December 13, 2013 12:52 pm 7 comments

Nelson Mandela in 2008. Photo: South Africa The Good News.

I first became aware of Nelson Mandela in 1956. I was fourteen and a very disruptive teenager. My father was going on a fundraising tour of South Africa in support of Jewish education and he decided to take me with him in the hope of mitigating my rebelliousness. For much of the time, while my father was busy, I was entrusted to a group of communal ladies who it turned out were seriously involved not only in trying to mitigate the awful conditions in the black townships but also in actively opposing Apartheid. They took me round to Alexandra Township and Soweto to see firsthand what life for the black majority was like.

One day we went on a trip to Pretoria where the famous Rivonia trial was taking place, in which Black and Jewish defendants were on trial accused of trying to overthrow the government.
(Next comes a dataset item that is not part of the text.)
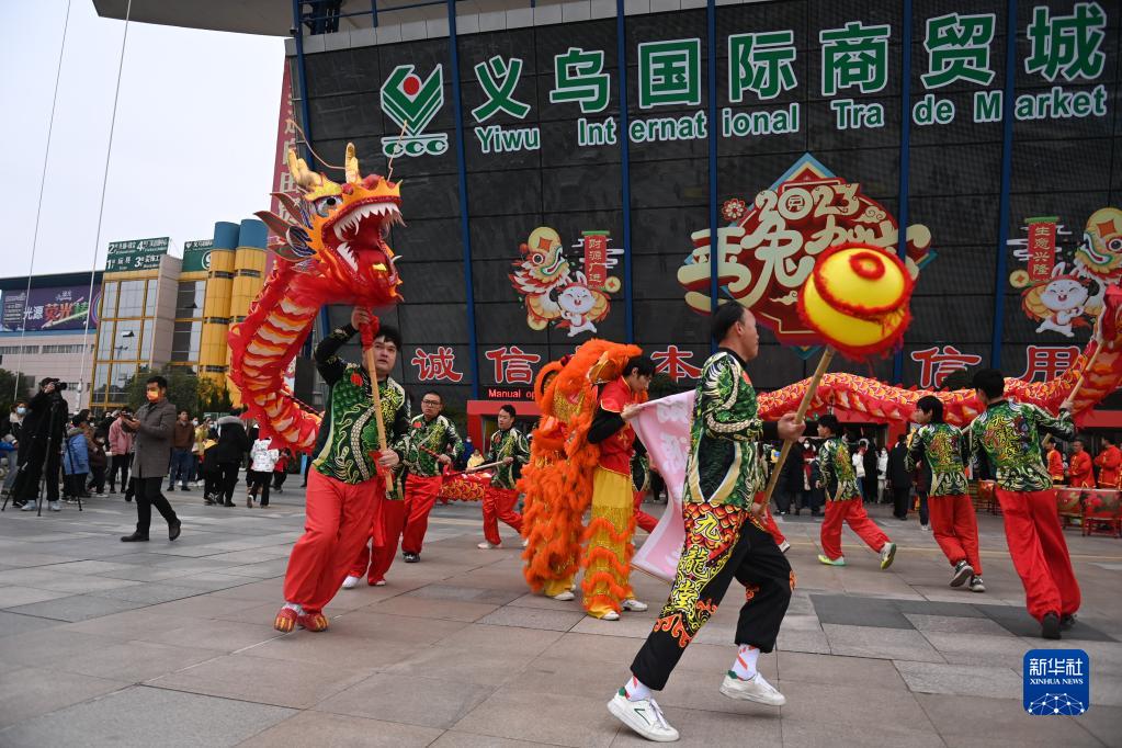 舞龍隊在義烏國際商貿城門(mén)口的廣場(chǎng)表演,迎接商貿城兔年開(kāi)市(2月2日攝)。
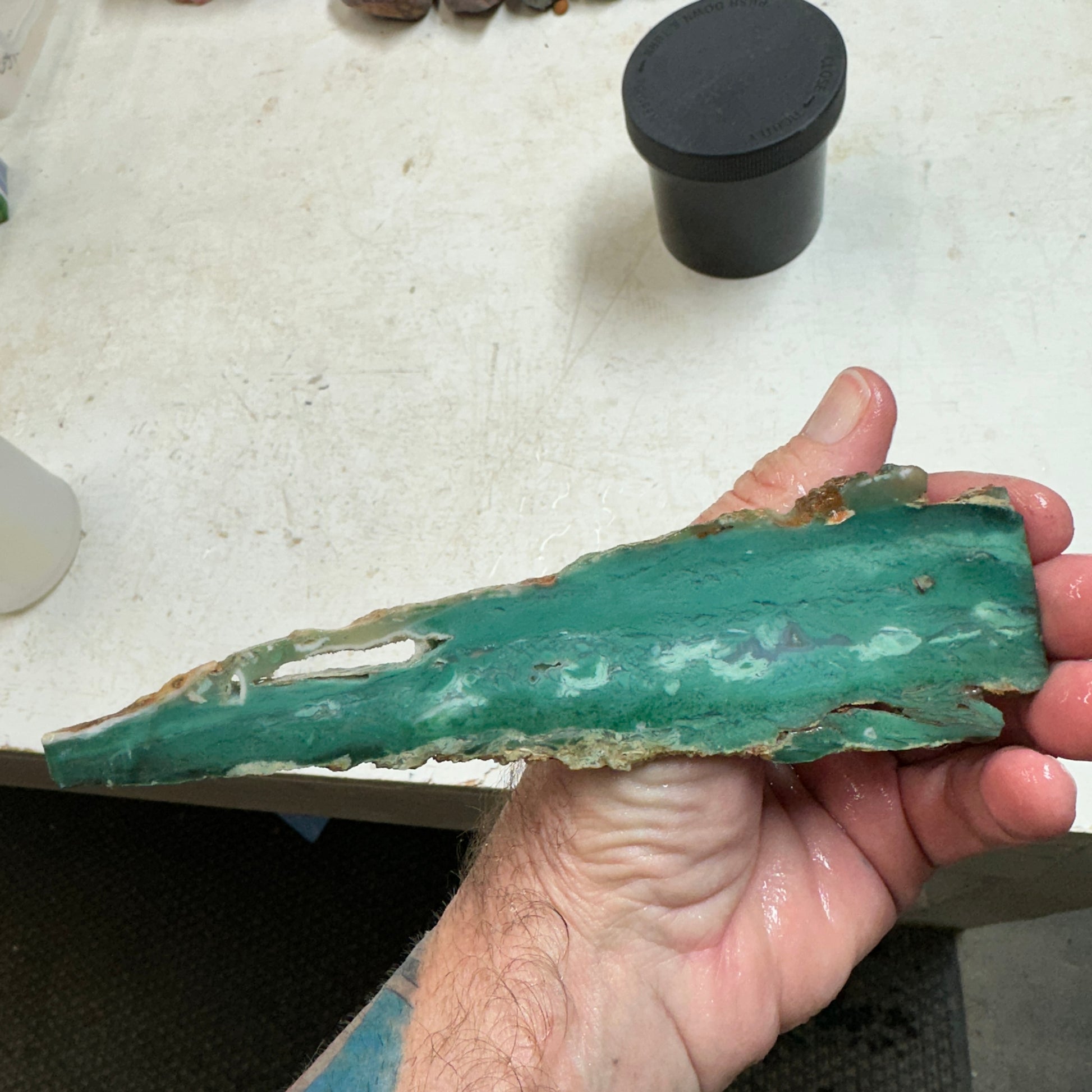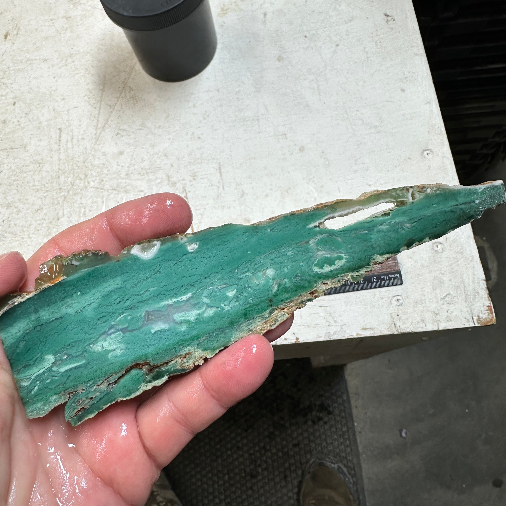 Beautiful Chrome Chalcedony aka Mtorolite with great color and fine patterns. There are some voids to note, as shown in the pics. But plenty of big smooth areas. This slice will cut a few beautiful cabs!

The prosecutor, a prominent Jew named Percy Yutar, was much reviled by my newly found friends, but supported by many in the Jewish establishment. The Chief Rabbi of the time, on the other hand, the late and outstanding Louis Rabinowitz, heroically denounced the Afrikaner regime and its policies. Amongst the black defendants, Nelson Mandela stood out for his bearing, dignity, and natural leadership. I was too young to be allowed in to the court, and so my ladies deposited me with some demonstrators they knew outside while they went in. The trial proved a farce, but it was the start of what would send Mandela for over 27 years to the infamous Robben Island, which made Alcatraz look like paradise.

This was the beginning of my modest career as a campaigner against Apartheid, which eventually took me to the position of vice president of the Scottish branch of the anti-Apartheid movement and friendship with one of its heroes, Rev. Trevor Huddleston.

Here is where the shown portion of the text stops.